Il boom delle iscrizioni dell’anno scolastico 1972-73 si tradusse, l’anno successivo, grazie alla piena autogestione, in uno spostamento del baricentro politico della scuola verso sinistra. Il favore che fino ad allora il Ministero aveva accordato alla sperimentazione scomparve improvvisamente. La componente cattolica e montessoriana, ormai ben poco rilevante, si dissolse con il trasferimento d’ufficio ad altro incarico della preside Pecchia e di alcuni insegnanti. Nell’aprile 1974 la palazzina di via Panzini, che era stata assegnata alla scuola nel 1972, venne dichiarata inagibile dai Vigili del Fuoco. Si profilava, di fatto, la fine dell’esperimento e lo scioglimento dell’istituto. A questa prospettiva l’Assemblea Generale reagì con la decisione di occupare (in accordo con la Circoscrizione) un edificio abbandonato su via della Bufalotta, oltre il Grande Raccordo Anulare, in mezzo alla campagna: l’ex-IRASPS.
L’occupazione e la successiva risistemazione del fatiscente edificio fu il secondo momento mitico fondativo nella storia dello Sperimentale. Un momento che può essere ricordato in modi differenti: come un gesto di lotta politica, come un avventuroso romantico slancio di tutta una comunità, come un rilancio esaltato, utopico e isolazionista. Parteciparono tutti, studenti, genitori, insegnanti, venne fatta una colletta e fu un gran lavoro di mani e di braccia. Alla fine c’erano i vetri alle finestre, le pareti ripulite e decorate di murales, una bandiera rossa sul tetto. Le istituzioni, da parte loro, piegate infine dalla lotta, collaborarono con la fornitura di un congruo numero di vecchie stufe a legna di ghisa.

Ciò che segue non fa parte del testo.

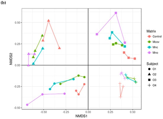 In consequence, in order to investigate both the matrix effect and the procyanidin-cell wall linkage effect on the bacterial community composition, the analyses were performed at the initial (Control T0) and final (T48 h) time points of batch incubation of the fecal microbiota with the apple matrices (Mcov, Mnc, Mno). In total, 48 samples were analyzed by bacterial 16S metabarcoding (4 subjects × 3 feces × 4 conditions i.e., Control-T0, Mcov-T48, Mnc-T48, Mno-T48) (Figure S1). One sample from subject O2 (Mnc-T48) was discarded because less than 1000 sequences were obtained for this sample.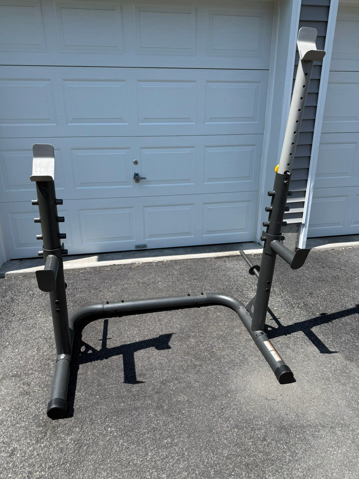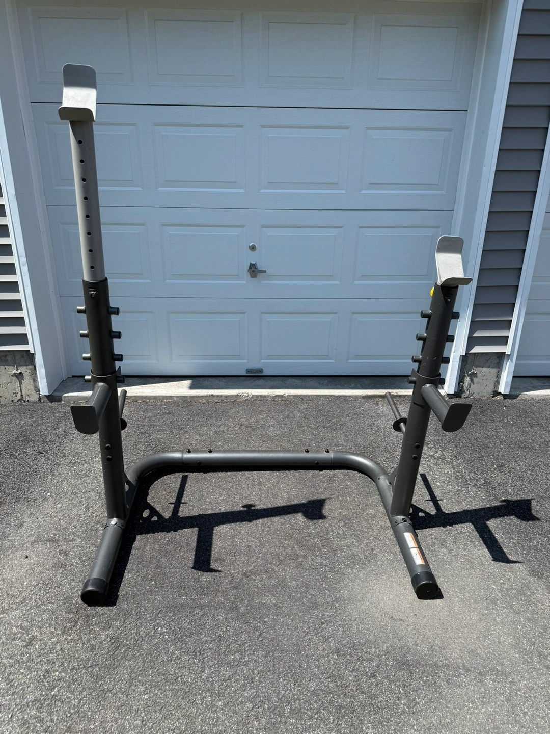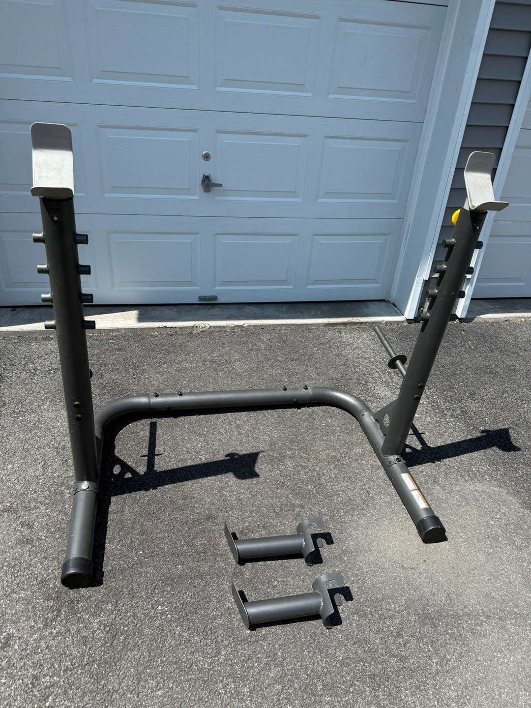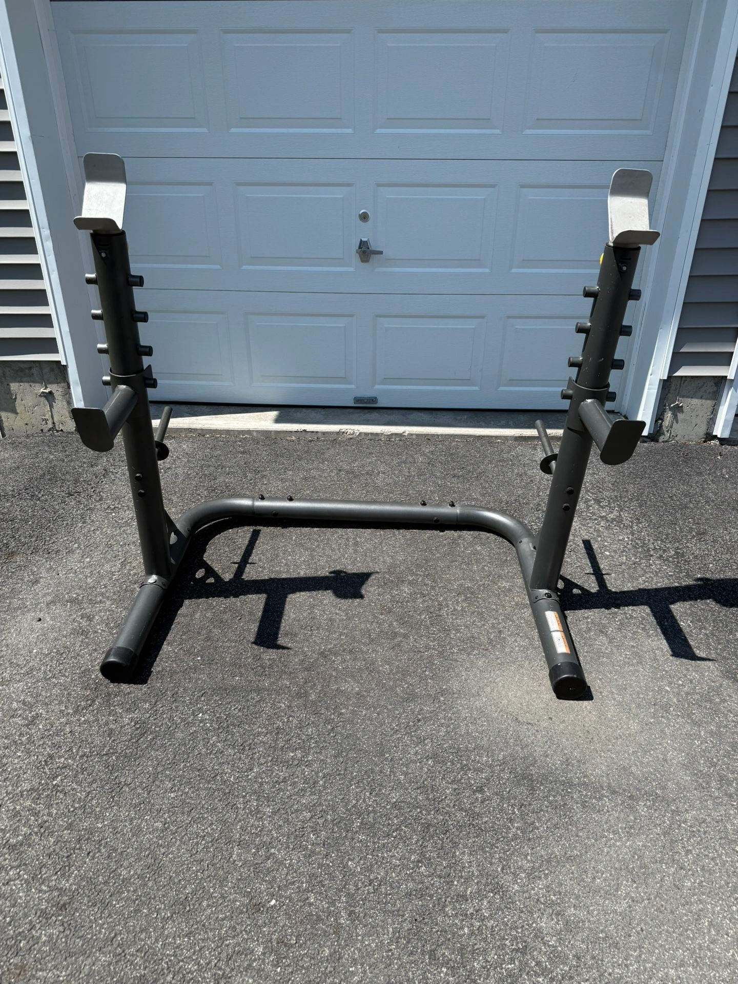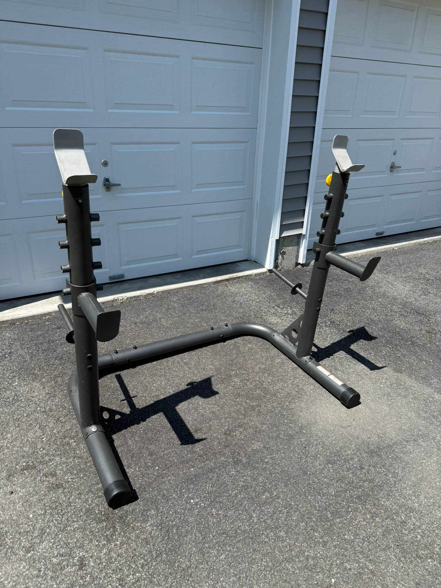 15Fully adjustable squat and bench press rack in phenomenal condition. Comes with spotter arms. Excellent for gyms with low ceilings as the arms are telescopic and can go up and down as opposed to the regular racks that are always the same height all the time. Footprint is 4’ wide, 2’ 8” deep. Will be broken down at time of pick up for easy transport. Goes back together very easily. Stations: Power rack

Venne affrontato il problema di ciò che altrove era considerato disciplina, e che allo Sperimentale era anzitutto una questione di democrazia. Lungamente discusso e dibattuto, osteggiato dalle componenti più radicali, sostenuto dai moderati, cioè dall’area che si riconosceva nel PCI, venne infine approvato nel giugno 1974 un Regolamento. Lo si può leggere all’indirizzo http://liceosperimentale.weebly.com/regolamento.html nel sito dedicato allo Sperimentale curato da Roberto Renzetti, allora professore di fisica nella nostra scuola. La nostra Costituzione, per così dire, prevedeva dei limiti all’attività politica nella scuola, limiti assai ampi ma pur sempre limiti, e delle sanzioni nel caso di assenze massicce dalle lezioni. La bocciatura era possibile solo nel caso di assenze superiori al 35% in almeno 4 materie. L’attenzione del legislatore si concentrava cioè sui due maggiori ostacoli all’attività didattica: le assemblee quotidiane e le assenze. Erano inoltre considerati alcuni dettagli: i ritardi, le giustificazioni, il divieto di fumo in classe.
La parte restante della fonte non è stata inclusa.